Why Spurs Fans Must Never Stop Singing The Y-Word

For Spurs fans, Yid is not synonymous with Jew. It incorporates all minorities and makes Tottenham unique as the outstanding multicultural, accepting club in Europe.

My earliest football-related memory takes me back to Stamford Bridge somewhere in the mid-nineties. Yet the action on the pitch remains to me as hazy as the date, score or any other facts arising from the game. All I can really gather in my mind is an interminable whistling from the fans surrounding me. I knew even then, at the age of 8 or 9, what it denoted and to this day I don't recall feeling as alienated, as a British Jew, as I did then.

It was the hiss of the gas chambers.

You can only imagine what other hate filled slurs were screamed from the terraces that day, though my dad and I didn't stay long.

Since then, I've been fortunate and have mixed in circles where racism rarely features. A while ago at university, a friend of a friend who came to stay for the weekend repeatedly referred to me as Shylock, Shakespeare's literary depiction of a miserly Jew. Quite imaginative, yes, but I wondered if he would dare to conjure up an equivalent black or Muslim literary caricature in similar circumstances.

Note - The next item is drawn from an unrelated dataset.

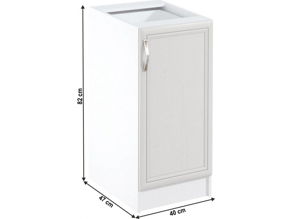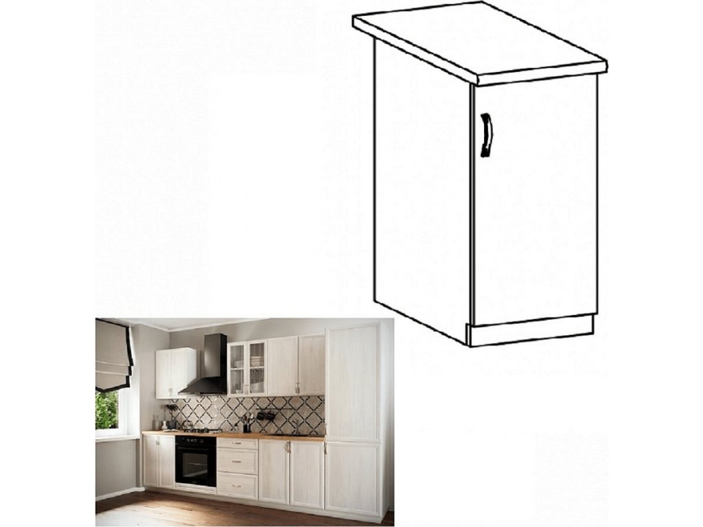 Spodní skříňka D40 s dvířky, pravá ke kuchyni SICILIA Provedení: DTD laminovaná/MDF lišty Barva: bíla/sosna Andersen Rozměry (ŠxHxV): 40x47x82 cm Tloušťka materiálu: 15 mm Spodní skříňky jsou dodávány bez pracovní desky. Můžete si objednat pracovní desku pískovec k provedení ořech Milano - tloušťka 28mm nebo pracovní desku dub Lancelot k provedení sosna andersen - tloušťka 38 mm.

Over the years, Tottenham Hotspur FC has built up a reputation as a Jewish club. This is because the North London area is relatively densely populated by Jews and many of the club's owners, including current chief Daniel Levy, are Jewish. Though Arsenal also hold links to the faith, it is not quite so prevalent, perhaps because their roots lie in Woolwich.

In a moving response to anti-Semitic chants from rival fans, the Spurs faithful, most of whom are not Jewish, adopted the banner Yid Army. Rather than disassociate themselves from the religion, they embraced it. But now politically correct censors are lurking with their rule books as comedian David Baddiel and Peter Herbert of the Society of Black Lawyers intend to make the chant illegal.

Baddiel rightly questions whether a Brixton-based club would allow their fans to chant the N-word at matches.

But there are key differences. The N-word evokes images of slavery which spanned centuries and the term itself suggests black people are inferior. Yid is a neutral term for Jew that depends entirely on intent. Baddiel said the test is to walk up to a Jewish person outside of football and shout 'Yid' in his face and see how he reacts. But if you bellowed 'Jew', 'Muslim' or 'Christian' at somebody you didn't know, it would be equally inflammatory, though these are not inherently offensive terms.

At a time when free speech is particularly vulnerable and people are being arrested for daft or even menacing expressions of opinion such as burning a poppy, do we really want to start banning words without really taking into consideration their intent and etymology just because it upsets certain people?

One of the champions of free speech, Salmon Rushdie, said: "There is no right in the world not to be offended. That right simply doesn't exist. In a free society, an open society, people have strong opinions, and these opinions very often clash. In a democracy, we have to learn to deal with this."

Many people have been offended by Baddiel's comedy routine over the years, but that does not mean he should be gagged. Likewise, while Spurs' recital of Yid may cause offence to a self-righteous minority, we absolutely cannot as a society keep resorting to the censors, particularly when intent is decent.

The most poignant stance on the matter came from a blog by Lee Taylor, a Spurs fan brought up in Hackney in the 70s who got caught up in racism as a kid. He became a skinhead and "did all the things you're supposed to do - Union Jack badges, red laces in your boots and hanging around street corners looking aggressive to anyone different to you".

But when Lee attended his first ever Tottenham game, he got talking to a black boy from his school. They soon became best friends, travelling up and down the country to watch games together.

He said: "We were no longer black or white - we were yids.

"We became the Yid Army, standing up for the Jewish community who support our team.

"We wear that badge with pride. There is nothing wrong in being Jewish and the 36,000 people alongside me agree.

"Your hissing sounds will not intimidate me as I have the rest of the Yid Army by my side!"

What better tonic for the startled and isolated 8-year-old child at Stamford Bridge, and for the multitude of others who have been made to feel insignificant because of who they are? For Spurs fans, Yid is not synonymous with Jew. It incorporates all minorities and makes Tottenham unique as the outstanding multicultural, accepting club in Europe.

The most common chant of the past decade at White Hart Lane concerns a devout Christian black man: 'Jermaine Defoe, he's a Yiddo'. With all the racial issues in football of late, this message should be reinforced, not condemned.

The most worrying assertion by Baddiel is that the use of Yid by Spurs fans incites followers of other clubs to be racist. For me, that is like saying black people should not play football as it only encourages morons to make monkey signs at them, as we've seen in recent weeks. If we let racists take away our emblem of togetherness, then they've won.

Surely then the comedian and Peter Herbert should focus on bigots with intent to hurt rather than a touching adoption of a minority symbol as a badge of honour.

As Lee puts it, "we are all as one, one community, we are Yids together".